Soon after quota restrictions were lifted on Jan. 1, 2005, the Saipan Garment Manufacturers Association reported that almost all garment manufacturers in the CNMI were downsizing their operations and closing sewing lines due to declining sales. The SGMA said that losses would become inevitable as years pass unless the industry’s competitiveness is enhanced through federal trade measures.

In early 2005, nearly a hundred workers from La Mode Inc. stopped work to complain with the CNMI Labor Department about alleged nonpayment of wages. La Mode later shut down operations.

Other companies followed suit. Sako Corp. and affiliate companies Mariana Fashions Inc. and Dong Dang Fashion Corp. also shut down operations during the year, leaving hundreds of workers jobless and many creditors unpaid.

The Attorney General’s Office, which claimed that Sako had approximately $1.3 million in unpaid taxes to the CNMI government, filed criminal charges against the company and two of its officers— Hee Kun Kyun and Hyung Ki Min—for alleged intentional failure to truthfully account for and pay taxes as required by the CNMI Tax Code.

Kyun had already fled the CNMI before the AGO discovered that the businessman had seven different passports and that he used a different passport other than the one he used upon entry into the CNMI. Another Sako officer, Kwon Myung Hee, also fled the CNMI apparently to hinder the criminal investigation or to avoid possible criminal prosecution.

It appeared that Sako has other unpaid creditors, including Vicente SN. Babauta, the company’s former landlord; and the law firm of O’Connor, Berman, Dotts and Banes.

Saipan’s federal court also entered a $1-million judgment against Sako, directing the company to assign to the Equal Employment Opportunity Commission all of its deposits and account receivables. The EEOC had filed the case against Sako on Sept. 16, 2004 after some 65 non-Chinese workers complained that their contracts were not renewed on the basis of their national origin.

Collection efforts against Sako proved futile, as the company managed to sell its equipment abroad before creditors could run after the firm.

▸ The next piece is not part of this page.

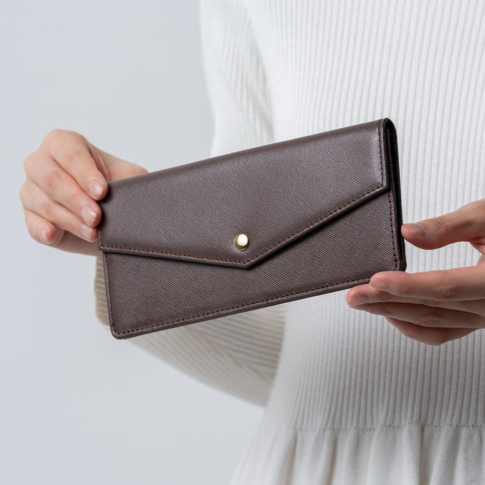 本革 サフィアーノレザー スキミング防止 コンパクト かぶせ蓋付き 薄型 長財布
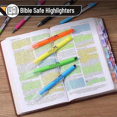 Package Includes: 4 Non-Bleed Fine Point Pens (0.7mm), and 4 Gel Highlighter/Bible Highlighter Non-Bleed

In an effort to run after garment factories’ unpaid obligations to the government, the Department of Public Health sued some 20 local garment firms over allegedly unpaid hospital bills. The department asked the CNMI Superior Court to issue temporary injunctions that would prohibit the 20 employers from removing any assets out of the CNMI. The government-run Commonwealth Health Center billed the 20 factories a total of $243,193.91 for hospital expenses incurred by their nonresident workers.

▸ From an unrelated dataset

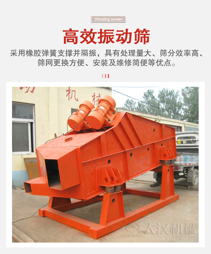 高效振動篩是利用振動電機或普通電機激振器做為振動源,使篩體沿激振力方向作周期性往復振動,物料在篩面上沿直線方向作拋物線運動,從而達到篩分目的。
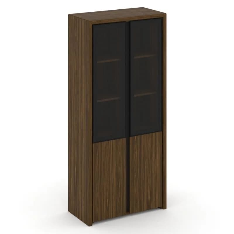 Шкаф высокий широкий (2 низких ЛДСП + 2 средних фасада стекло сатин в раме) орех лоренцо/графит

During the last month of the year, another garment factory, Express Manufacturing Inc., closed down. Hyunjin Saipan Inc. was soon added to the list of Saipan garment factories that have ceased operations.

The CNMI government has been pressing for the amendment of federal tariff rules that would reduce value-added requirement on garment imports from 50 percent to 30 percent for local manufacturers to avail of duty-free entry to the U.S. mainland.

Currently, the U.S. Tariff Code requires that 50 percent of the value of the garment has to be added locally by transformation, in terms of additional labor, packaging or other overhead costs, so that garment products coming from the Commonwealth could enter the United States duty-free.

Former SGMA executive director Richard Pierce, Gov. Juan N. Babauta’s special assistant for trade relations, has been lobbying the U.S. Congress for the federal tariff amendment, backed by the support of the CNMI’s government and private sector.

The CNMI’s cause has been gaining some allies before the federal lawmaking chambers, with the recent introduction of a bill seeking to amend the tariff law. U.S. senators Larry A. Craig (R-Idaho) and Daniel Akaka (D-Hawaii) introduced S. 1954, entitled the Insular Possessions Act of 2005.

Lawmakers from other jurisdictions—including Guam and American Samoa—have reportedly expressed support for the bill. The ball now goes to Congress to pass the legislation, which Saipan’s garment industry players view as a major step that will curtail the seemingly certain collapse of the once vibrant industry in the Commonwealth.